Certainly, it weighed on our minds, but we were able to make sure that as we needed to shift business to meet what we needed to do to not only survive, but thrive in COVID, it was certainly a key part of making sure that people worked out what they really needed to do. So, I have no doubt that the OKR process was a big part of the contribution to our being able to grow in 2020 despite the pandemic.

 

So, what was your biggest apprehension that you had before working with us and how did we overcome that apprehension for you?

You know Tim, I think the biggest apprehension, and I mentioned it earlier, is that we just didn’t know Atruity right?

I mean, I think certainly the person who referred you to us knew you personally, but we had never worked with you as a consulting partner, right?

So I think one of our biggest apprehensions about any new partner is, okay, we’re going to spend a fair amount of time and energy on this process and we’ve hired the wrong consultant, then that’s going to be waste of time and more importantly, it’s going to hurt the program, right?

And so there’s a leap of faith there that has to happen, right?

Because as I said, unless you’ve worked with somebody before, it’s always a bit of that. Even if you do references, et cetera, you know how that works, right? So, I just think it’s a little bit of the unknown.
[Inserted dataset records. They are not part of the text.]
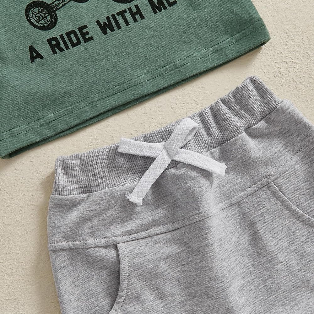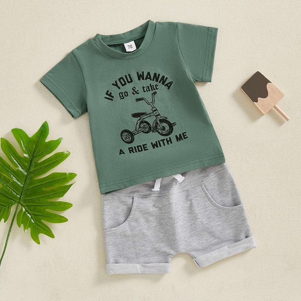 Features: Baby boy summer clothes, cute baby boy clothes, short sleeve t shirt, tricycle and letters "IF YOU WANNA GO TAKE A RIDE WITH ME" printed tops, solid color shorts, simple and classic style, brother matching outfits, baby boy summer outfits, toddler clothes for boys, baby clothes boy, infant clothes boys. Cute baby toddler boy 2 piece shorts set.
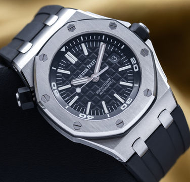 Up for sale or trade is the dive watch of all watches - the AP Royal Oak Offshore Diver. This one with the open case back so you can see the AP 3120 movement in all its glory! You get 300 meters of water resistance, a black dial with white accents, all with the finish, refinement and mechanical artistry only the house of Audemars Piguet could bring! With the iconic Mega Tapisserie dial, unique design of the inner rotating dive chapter ring, and of course some of the best brushing and polishing in the business on the 42mm case. Don’t miss this one while it lasts!
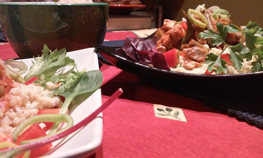 A közben szépen bedagad, kölessel megágyazok a pirított tofumnak, megszórom a tetejét a maradék felkarikázott póréval és egy kis petrezselyemmel. És bele is merülhetünk a gasztronómiai élvezetbe!

I think for us too, even though we had all agreed that a facilitated process, collaboration, teaching was the approach we wanted to utilize, I’ve been involved in places before, where we agreed to those things, but it didn’t happen, right?
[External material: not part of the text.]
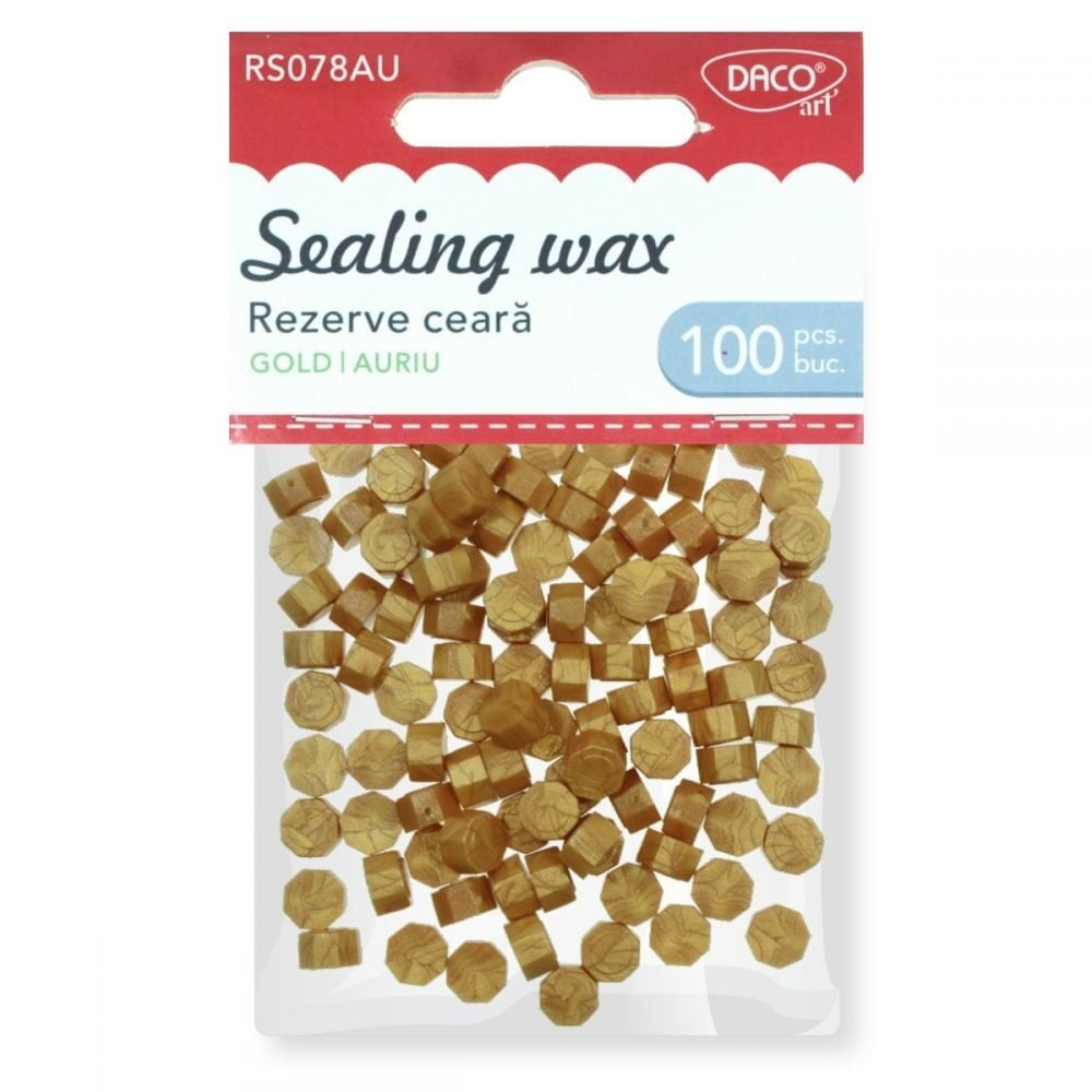 Etichete: Daco Rezervă Ceară Sigiliu Aurie 26-30g RS078AU, rezervă de ceară aurie, greutate între 26 și 30 de grame, pentru sigilarea corespondenței, aspect elegant și rafinat, utilizare cu sigilii tradiționale

It didn’t happen because the consulting company, for whatever reason wasn’t good at that, didn’t want to do that, maybe a combination of things. So that was certainly an apprehension, because we knew eventually we had to stand alone at some point down the road. I think too, our delight is those turned out to be not worries at all. You fit in great with the culture and the organization and you pushed us when you need to push us, right?
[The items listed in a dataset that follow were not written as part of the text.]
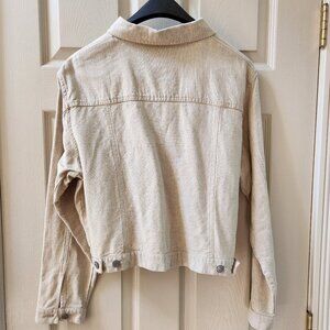 Beige color, 58% linen, 42% cotton, light weight jacket. 22" long, sleeves are 18" long. The jacket has metal riveted buttons and is in great shape!
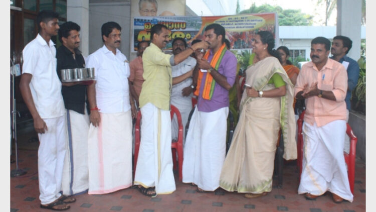 തിരുവനന്തപുരം നഗരസഭയിലെ ബിജെപി കൗണ്‍സിലര്‍മാര്‍ നടത്തിയ ഏകദിന ഉപവാസസമരം ബിജെപി സംസ്ഥാന സെക്രട്ടറി അഡ്വ വി.വി. രാജേഷ് പ്രതിപക്ഷ നേതാവ് ഗിരികുമാറിന് നാരങ്ങാനീര് നല്‍കി അവസാനിപ്പിക്കുന്നു
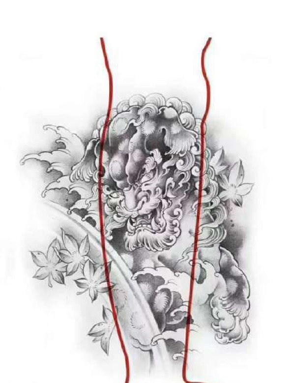 半甲唐狮手稿 传统的9款唐狮主题半甲纹身手稿图片

And you also let us fall off the bike once in a while and skin our knees, right?

And you helped pick us up and brush us off and put us back on the bike and get us back to the one down the road and learning how to ride that bike on our own. So, I think for us, it was a great experience. That’s why I’m here on this podcast. If it wasn’t, then I wouldn’t have agreed to do it. So, I think the apprehensions were typical of working with any new consulting organization and the proof is always in the pudding but I think we certainly are pleased with the results and pleased with the approach and the fit that Atruity had with us.

 

What would you say to someone who’s interested in working with us and/or speaking to us about being a client?

Well, first of all, I would be always happy to have them speak to me about it, right? So yeah, I’d say every company is different, right?

Everybody’s different in terms of its culture and the approaches they want to take and what’s important to them about why they’re trying to implement a process like this and what they want to get out of it and how they want to sustain it long-term.

 I would emphasize to them, the important part is how you get it adopted, truly bought in at all levels, and then how you sustain that on a long-term basis so that in looking for a consulting partner, I think my advice to any company, is that you need to feel as comfortable as you can about the cultural fit of the people that are going to be working with you, number one.

And number two, is you really need to make sure that the approaches that they’re going to take fit in with what you as an organization want to accomplish. Some companies might prefer to be more hands-off in their approach and have the consulting partner do more work for them. Personally, I’m not sure I buy into that because from a long-term success standpoint, but every company is different. So, I think they need to understand how they want to approach things, where they want to be in 12 to 18 months and then they need to pick the consultant organization that is best fit for them in terms of culture and approach. Methodology is methodology, right?

It’s how your partner helps you and what you’re expecting out of them that’s really important to determine for yourself and then make sure that that organization fits those needs.